Männern fehlt es häufiger an Selbstreflektion. Ist mir aufgefallen weil viele Männer einfach keine "richtigen" männlichen Freunde haben, mit denen Sie über tiefere Themen sprechen können. Die meisten Männerfreundschaften egal ob 20, 30, oder 60 bleiben auf einer konstanten Basis entwickeln sich aber weniger weiter und werden meist auch nicht tiefgründiger. Konstanz und Beständigkeit aber nicht emotional und schwankend
Egal ob ich es bei meiner Verwandschaft sehe oder bei meinen Freunden oder im weiteren Bekanntenkreis. Sehr viele Männer haben entweder so gut wie keine Freunde mehr und nur noch ihre Partnerin oder Schulfreunde oder Fussballkumpels. Richtig tiefe Gespräche, die auch emotional in die Tiefe gehen habe ich so gut wie immer nur bei Frauen erlebt.

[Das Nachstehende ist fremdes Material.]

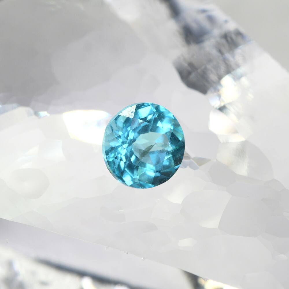 【一点もの保証】本品は一点ものです。写真の品をお届けいたします。お問い合わせの際は商品番号「JWA3605」をお知らせください。【商品データ】宝石名:アパタイト / 重さ:0.843ct / カット:ラウンド・ミックス・カット / サイズ:5.6×5.6×4.1mm / 色:ブルー / 産地:ブラジル / 注意事項:ルーペでクラックやインクルージョンが見られる個体もございます。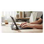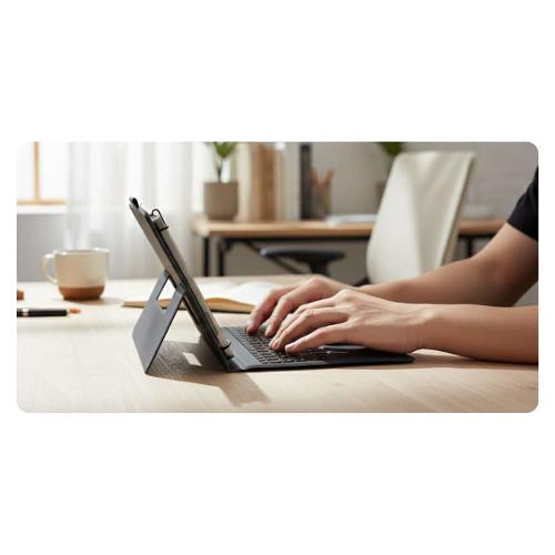 Cover universale per tablet fino a 13" con tastiera integrata wireless. I quattro ganci interni regolabili bloccano il tablet creando un ancoraggio perfetto. Alimentata da una batteria la litio.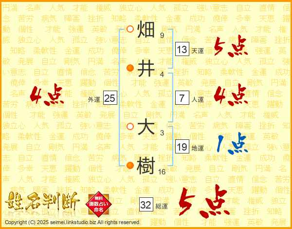 あなたの人生を表す1番重要な運勢です。生涯を通じて影響する総合運となり、主に50歳以降の晩年期に影響を及ぼします。苗字と名前の合計画数。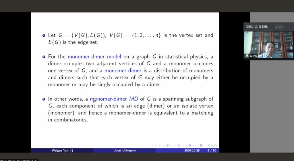 邀请,10月28日下午,集美大学晏卫根教授在腾讯会议作了题为《Using edge generating function to solve monomer-dimer problem》的报告。相关师生聆听了此次报告,报告由卢福良教授主持。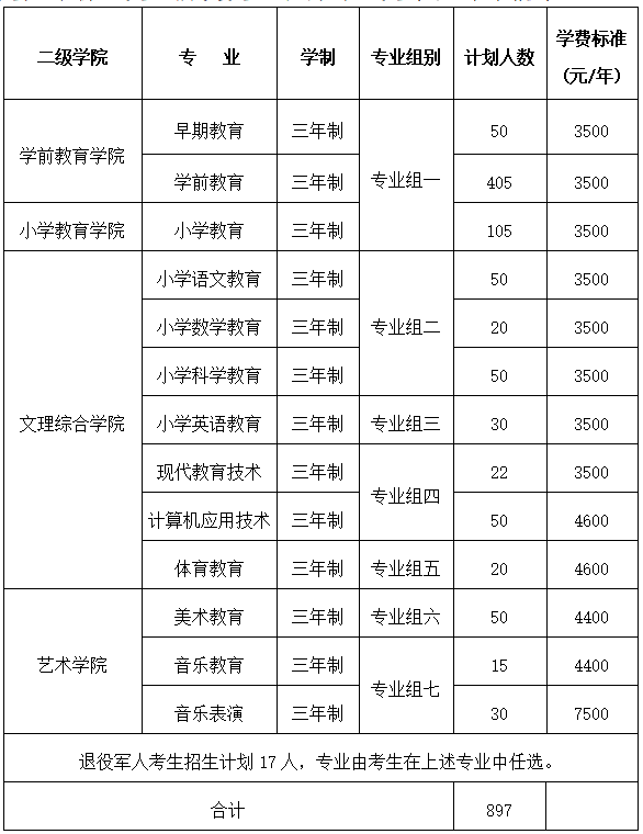 第六条 单独招生专业设置:早期教育、学前教育、小学教育、小学语文教育、小学数学教育、小学英语教育、小学科学教育、现代教育技术、计算机应用技术、体育教育、美术教育、音乐教育、音乐表演等13个专科专业,面向湖南省招生总计划897人。(各专业最终学费标准以2023年湖南省物价主管部门审核为准;所有专业均不限招生科类,即物理类、历史类、职高对口类考生均可报考)

Mag sein, dass ihre Mütter ihnen dass nicht beigebracht haben oder das Männer einfach eine andere Art von Freundschaft pflegen.
@ Stecher: Mag sein, dass du eine Ausnahme bist und sehr viel über dich und andere reflektierst und das Leben versuchst zu verstehen und zu analysieren. Aber schau mal deine Artgenossen an. Wenn ich alle Männer die ich irgendwie kenne in allen Altersklassen mir anschaue dann sehe ich da doch dass die allerwenigsten wirklich richtig gute Freunde haben, die mit Frauenfreundschaften vergleichbar wären.
Das ist keine Antwort auf die Frage: was denn mit den Männern los ist, aber wer in Freundschaften noch keine richtige tiefe gefunden hat, dem fällt es vielleicht auch schwer sich emotional in einer Beziehung richtig zu öffnen?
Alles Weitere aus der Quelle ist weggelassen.